§ **Available data**
%%

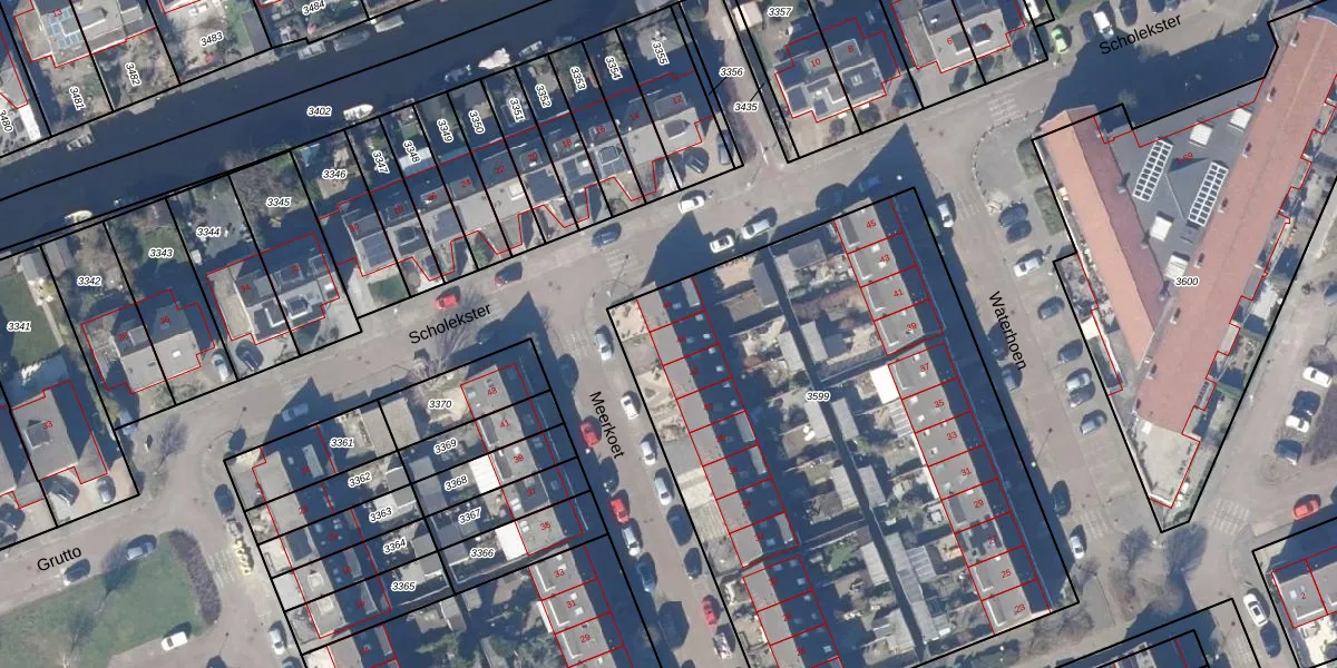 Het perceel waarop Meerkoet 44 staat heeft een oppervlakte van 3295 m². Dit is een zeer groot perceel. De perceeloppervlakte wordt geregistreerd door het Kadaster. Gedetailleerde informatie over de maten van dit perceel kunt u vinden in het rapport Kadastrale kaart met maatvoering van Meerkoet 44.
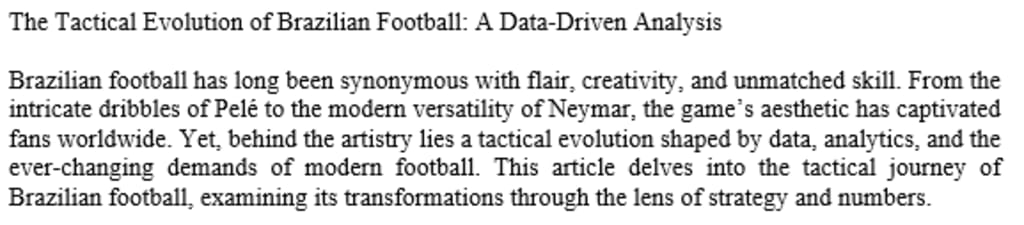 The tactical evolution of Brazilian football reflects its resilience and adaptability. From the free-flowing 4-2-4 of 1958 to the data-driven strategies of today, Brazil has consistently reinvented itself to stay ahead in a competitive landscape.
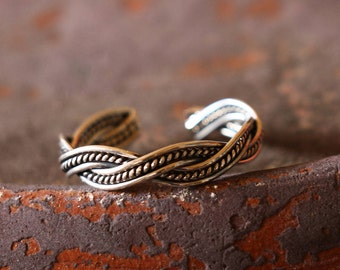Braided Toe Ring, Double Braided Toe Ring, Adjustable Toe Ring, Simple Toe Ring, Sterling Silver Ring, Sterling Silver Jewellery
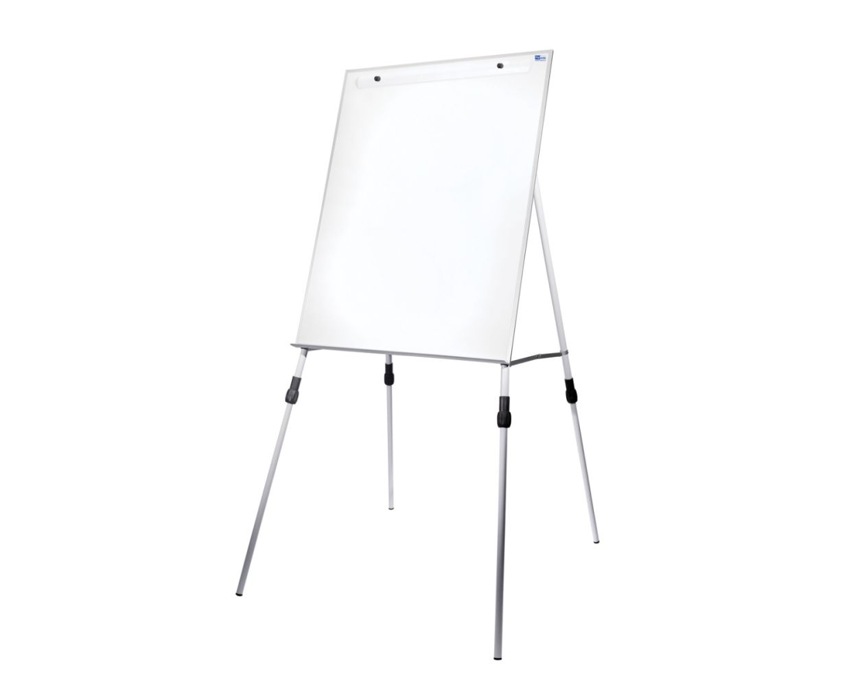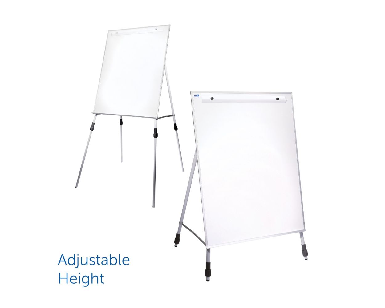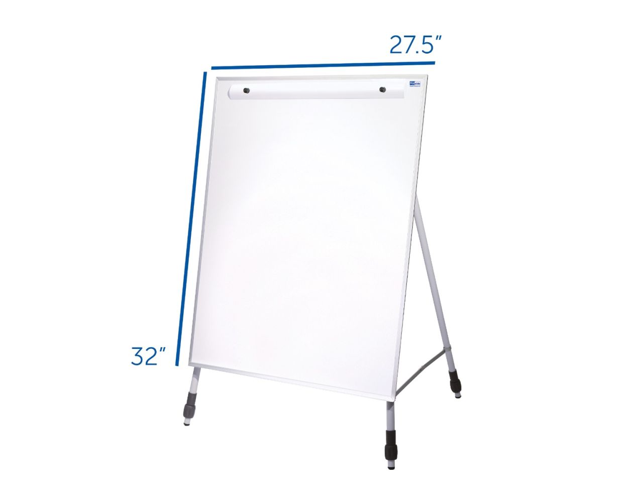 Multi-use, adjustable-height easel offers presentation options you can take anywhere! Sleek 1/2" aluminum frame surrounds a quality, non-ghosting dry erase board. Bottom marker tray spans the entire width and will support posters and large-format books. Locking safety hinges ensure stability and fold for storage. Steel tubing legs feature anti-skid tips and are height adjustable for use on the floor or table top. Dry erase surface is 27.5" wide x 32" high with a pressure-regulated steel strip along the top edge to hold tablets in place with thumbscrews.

%%
%%

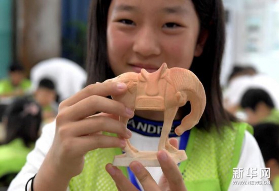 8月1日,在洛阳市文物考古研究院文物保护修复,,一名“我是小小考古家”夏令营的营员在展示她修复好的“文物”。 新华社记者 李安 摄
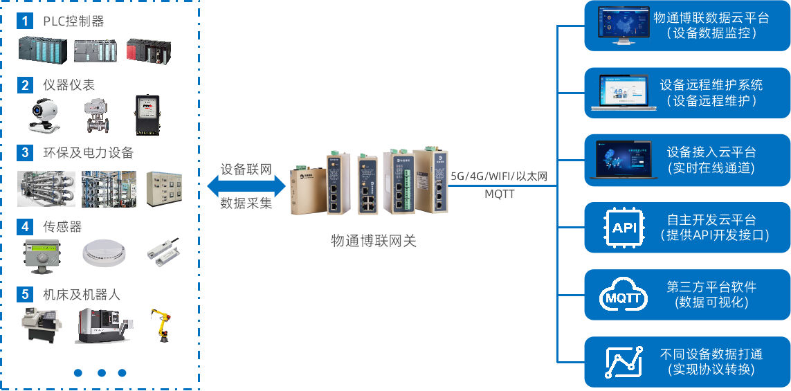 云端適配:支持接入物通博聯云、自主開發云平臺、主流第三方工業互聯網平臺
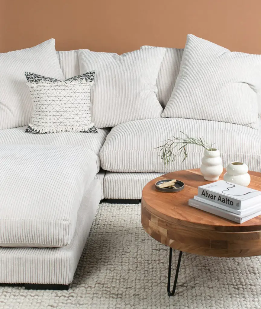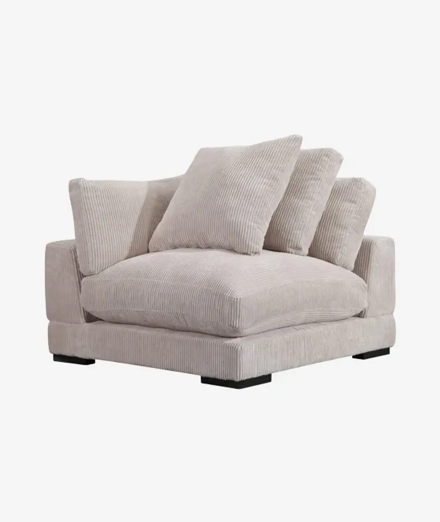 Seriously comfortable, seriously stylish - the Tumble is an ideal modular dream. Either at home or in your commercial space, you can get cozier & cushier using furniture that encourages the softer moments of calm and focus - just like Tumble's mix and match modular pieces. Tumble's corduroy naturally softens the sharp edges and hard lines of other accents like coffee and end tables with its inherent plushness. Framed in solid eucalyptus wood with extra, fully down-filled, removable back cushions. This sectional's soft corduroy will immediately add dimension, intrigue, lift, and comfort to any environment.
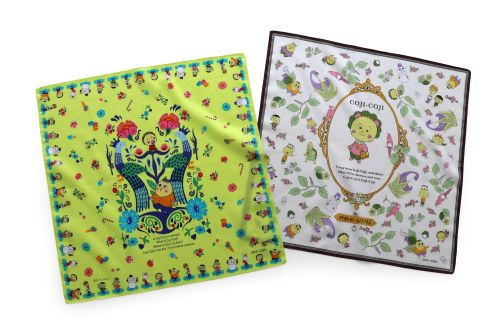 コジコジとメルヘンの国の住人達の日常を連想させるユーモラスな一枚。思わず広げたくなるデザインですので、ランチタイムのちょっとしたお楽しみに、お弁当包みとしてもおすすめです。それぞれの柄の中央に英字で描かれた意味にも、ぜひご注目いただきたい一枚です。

%%
%%

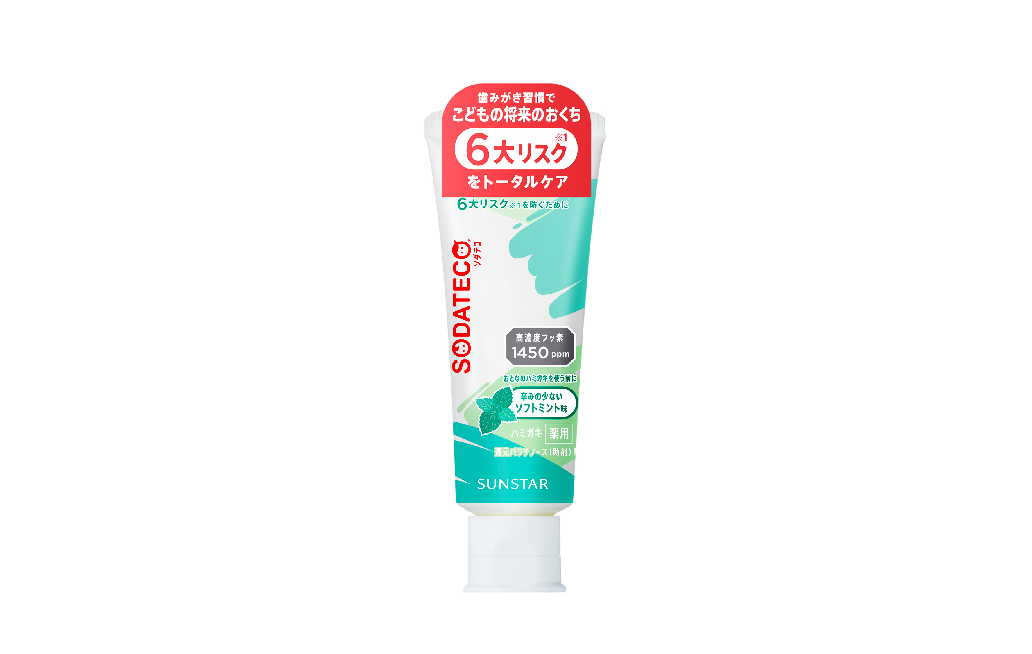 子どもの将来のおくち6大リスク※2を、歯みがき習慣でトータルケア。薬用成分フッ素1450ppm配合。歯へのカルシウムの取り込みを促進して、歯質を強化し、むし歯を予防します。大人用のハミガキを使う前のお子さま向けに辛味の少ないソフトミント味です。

%%

§ **Exercise prompt**
With the pictures omitted, copy exactly the lines of the listing above starting at the line containing "Het perceel waarop" and ending at the line containing "Braided Toe Ring, Double", both included.

§ **Answer to the exercise**
 Het perceel waarop Meerkoet 44 staat heeft een oppervlakte van 3295 m². Dit is een zeer groot perceel. De perceeloppervlakte wordt geregistreerd door het Kadaster. Gedetailleerde informatie over de maten van dit perceel kunt u vinden in het rapport Kadastrale kaart met maatvoering van Meerkoet 44.
 The tactical evolution of Brazilian football reflects its resilience and adaptability. From the free-flowing 4-2-4 of 1958 to the data-driven strategies of today, Brazil has consistently reinvented itself to stay ahead in a competitive landscape.
Braided Toe Ring, Double Braided Toe Ring, Adjustable Toe Ring, Simple Toe Ring, Sterling Silver Ring, Sterling Silver Jewellery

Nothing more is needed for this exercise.